Only 15% or fewer of thromboemboli cause pulmonary infarction (13). It is unknown why some emboli cause infarction

and others do not, but it is likely a result of compromise of both the pulmonary and bronchial arterial circulation. This is most likely to occur with peripheral emboli and in patients with left heart failure or circulatory shock (14). It is known that bronchial circulation alone can sustain the lung parenchyma without infarction occurring (15).

No chest radiographic sign is specific for pulmonary embolism or infarction, and the sensitivity of chest radiography for these conditions is poor. Even with large pulmonary artery clot burden, the chest radiograph can be normal (16). The main role of the chest radiograph, therefore, is to exclude other diagnoses that might mimic pulmonary embolism clinically, such as pneumonia or pneumothorax.

Pulmonary infarction results in airspace opacities that are usually multifocal and predominantly in the lower lungs. They usually appear within 12 to 24 hours after the embolic event. The opacities are classically peripheral, with a triangular or rounded shape (thus the term "Hampton hump"), and they are always in contact with the pleural surfaces (Fig. 12-8). The apex or hump of the opacity is directed toward the lung hilum. Occasionally, lobar consolidation resembling pneumonia can occur. Air bronchograms are rarely present. It is important to
note that the opacities can be a result of a combination of atelectasis and pulmonary hemorrhage without infarction, in which case clearing occurs within a week. Infarction takes several months to resolve, often with residual scarring (Fig. 12-9). As infarcts resolve, they melt away "like an ice cube" (giving rise to the melting ice cube sign; see Fig. 2-16). The opacity clears from the periphery first, whereas in pneumonia the opacity clears homogeneously (both centrally and peripherally) at the same time. Cavitation can occur within infarcts but is rare without coexisting infection, either secondary infection of an infarct or a result of septic emboli or vasculitis. Pleural effusions related to pulmonary emboli are usually small, unilateral, and associated with pulmonary infarction.

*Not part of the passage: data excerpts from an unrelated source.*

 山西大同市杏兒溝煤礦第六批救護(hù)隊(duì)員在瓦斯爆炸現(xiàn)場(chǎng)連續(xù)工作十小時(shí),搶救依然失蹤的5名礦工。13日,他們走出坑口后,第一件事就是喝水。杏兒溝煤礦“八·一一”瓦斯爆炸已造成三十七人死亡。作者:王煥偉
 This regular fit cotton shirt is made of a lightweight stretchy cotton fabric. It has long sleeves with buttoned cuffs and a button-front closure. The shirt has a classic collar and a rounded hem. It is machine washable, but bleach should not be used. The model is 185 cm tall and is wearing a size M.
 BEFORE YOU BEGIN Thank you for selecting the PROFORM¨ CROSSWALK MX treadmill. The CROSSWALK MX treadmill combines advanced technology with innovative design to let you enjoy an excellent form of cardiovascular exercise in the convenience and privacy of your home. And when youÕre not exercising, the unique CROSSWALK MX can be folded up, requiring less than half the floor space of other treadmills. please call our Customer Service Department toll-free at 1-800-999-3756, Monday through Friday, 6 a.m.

COP, previously referred to as bronchiolitis obliterans organizing pneumonia, is a clinicopathologic entity of unknown cause characterized by nonspecific clinical symptoms of cough and dyspnea and by equally nonspecific chest radiographic findings of patchy, peripheral airspace opacities. COP should not be confused with bronchiolitis obliterans, also known as obliterative bronchiolitis or constrictive bronchiolitis, a separate entity that is discussed in Chapter 13. Although COP is idiopathic in etiology, several precipitating conditions leading to organizing
pneumonitis have been identified, including infections (most notably viral), connective tissue disorders (Fig. 12-10), drug toxicity (Fig. 12-11), inhalation of noxious fumes, and lung and bone marrow transplantation (Fig. 12-12). Patients with COP are generally 55 to 60 years of age, and half of them have a history of an influenza-like prodrome followed by an illness of about 3 months characterized by cough, exertional dyspnea, malaise, fever, and weight loss (17).

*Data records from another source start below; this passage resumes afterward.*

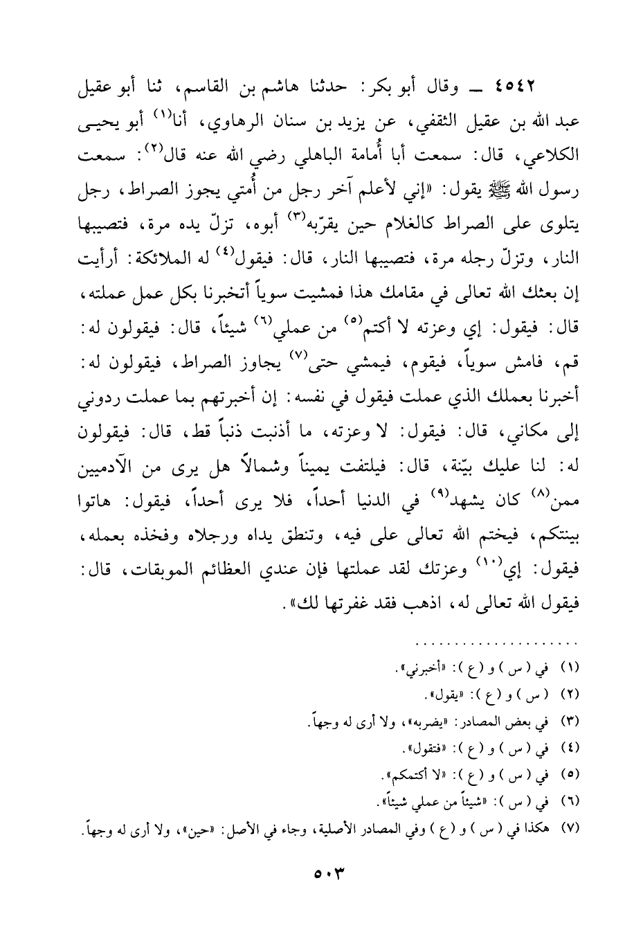4542 - وَقَالَ أَبُو بَكْرٍ: حَدَّثَنَا هَاشِمُ بْنُ الْقَاسِمِ، ثنا أَبُو عَقِيلٍ عَبْدُ اللَّهِ بْنُ عَقِيلٍ الثَّقَفِيُّ، عَنْ يَزِيدَ بْنِ سِنَانٍ الرهاوي، أنا أَبُو يَحْيَى الْكَلَاعِيُّ، قَالَ: سَمِعْتُ أَبَا أُمَامَةَ الْبَاهِلِيَّ رَضِيَ الله عَنْه قَالَ: سَمِعْتُ رَسُولَ اللَّهِ صَلَّى اللَّهُ عَلَيْهِ وَسَلَّمَ يَقُولُ: " إِنِّي §لَأَعْلَمُ آخِرَ رَجُلٍ مِنْ أُمَّتِي يَجُوزُ الصِّرَاطَ، رَجُلٌ يَتَلَوَّى عَلَى الصِّرَاطِ كَالْغُلَامِ حِينَ يُقَرِّبُهُ أَبُوهُ، تَزِلُّ يَدُهُ مَرَّةً، فَتُصِيبُهَا النَّارُ، وَتَزِلُّ رِجْلُهُ مَرَّةً، فَتُصِيبُهَا النَّارُ، قَالَ: فيقول لَهُ الْمَلَائِكَةُ: أَرَأَيْتَ إِنْ بعثك الله تعالى في مَقَامِكَ هَذَا فَمَشَيْتَ سَوِيًّا أَتُخْبِرُنَا بِكُلِّ عَمَلٍ عَمِلْتَهُ، قَالَ: فَيَقُولُ: إِي وَعِزَّتِهِ لَا أَكْتُمُ مِنْ عَمَلِي شَيْئًا، قَالَ: فَيَقُولُونَ لَهُ: قُمْ، فَامْشِ سَوِيًّا، فَيَقُومُ، فَيَمْشِي حَتَّى يُجَاوِزَ الصِّرَاطَ، فَيَقُولُونَ لَهُ: أَخْبِرْنَا بِعَمَلِكَ الَّذِي عَمِلْتَ فَيَقُولُ فِي نَفْسِهِ: إِنْ أَخْبَرْتُهُمْ بِمَا عَمِلْتُ رُدُّونِي إِلَى مَكَانِي، قال: فَيَقُولُ: لَا وَعِزَّتِهِ، مَا أَذْنَبْتُ ذَنْبًا قَطُّ، قَالَ: فَيَقُولُونَ لَهُ: لَنَا عَلَيْكَ بَيِّنَةٌ، قَالَ: فَيَلْتَفِتُ يَمِينًا وَشِمَالًا هَلْ يَرَى مِنَ الْآدَمِيِّينَ ممن كان يشهد فِي الدُّنْيَا أَحَدًا، فَلَا يَرَى أَحَدًا، فَيَقُولُ: هَاتُوا بَيِّنَتَكُمْ، فيختم الله تعالى فِيهِ، وَتَنْطِقُ يَدَاهُ وَرِجْلَاهُ وفخذه بِعَمَلِهِ، فَيَقُولُ: إِي وَعِزَّتِكَ لَقَدْ عَمِلْتُهَا فَإِنَّ عِنْدِي الْعَظَائِمُ الْمُوبِقَاتُ، قَالَ: فيقول الله تعالى لَهُ، اذْهَبْ فَقَدْ غَفَرْتُهَا لَكَ ".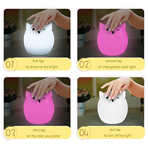 - 3 Light Modes &Tap Control: Tap the soft silicone surface to switch among normal white light mode, 7 single colors mode and 7-color breathing light mode, making it a romantic sweet nursery baby night lamp companion.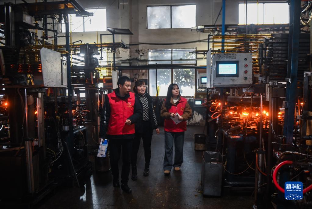 2月7日,在杭州市臨安區太陽鎮的一家玻璃制品企業車間內,黨員助企服務小分隊的志愿者向企業負責人(中)了解企業目前遇到的實際困難。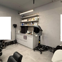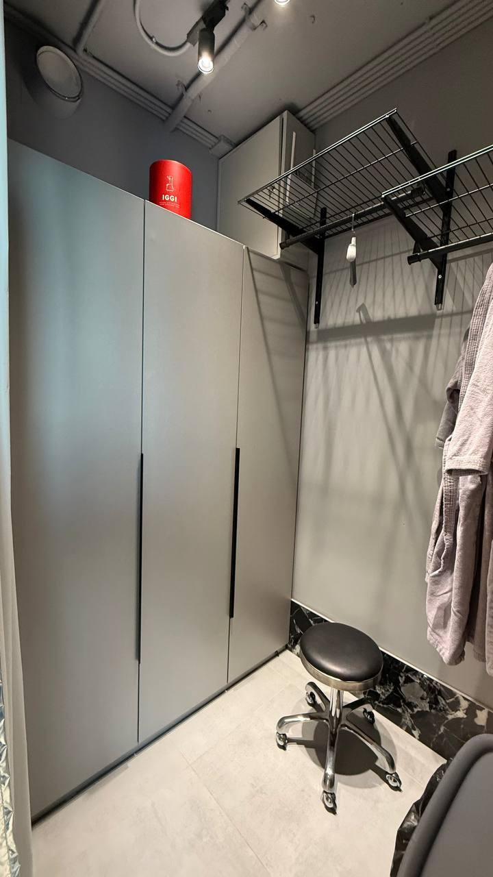 11) стойки с зеркалами, столешница из металла, парикмахерские кресла, стойка ресепшен, тумба для кофемашины и посуды - всё уже укомплектовано под открытие салона.

Radiographs and CT scans of the chest resemble those of many other types of pneumonia and show bilateral, patchy, nonsegmental, airspace opacities with a peripheral and basilar predominance (18). The opacities may contain air bronchograms. On occasion, the opacities are not peripheral in distribution but are central and centered along bronchovascular bundles. Although COP is usually a bilateral process, occasionally only one lung is involved or is much more involved than the other lung (Fig. 12-13). Areas of ground-glass attenuation are common and may be the only finding on CT.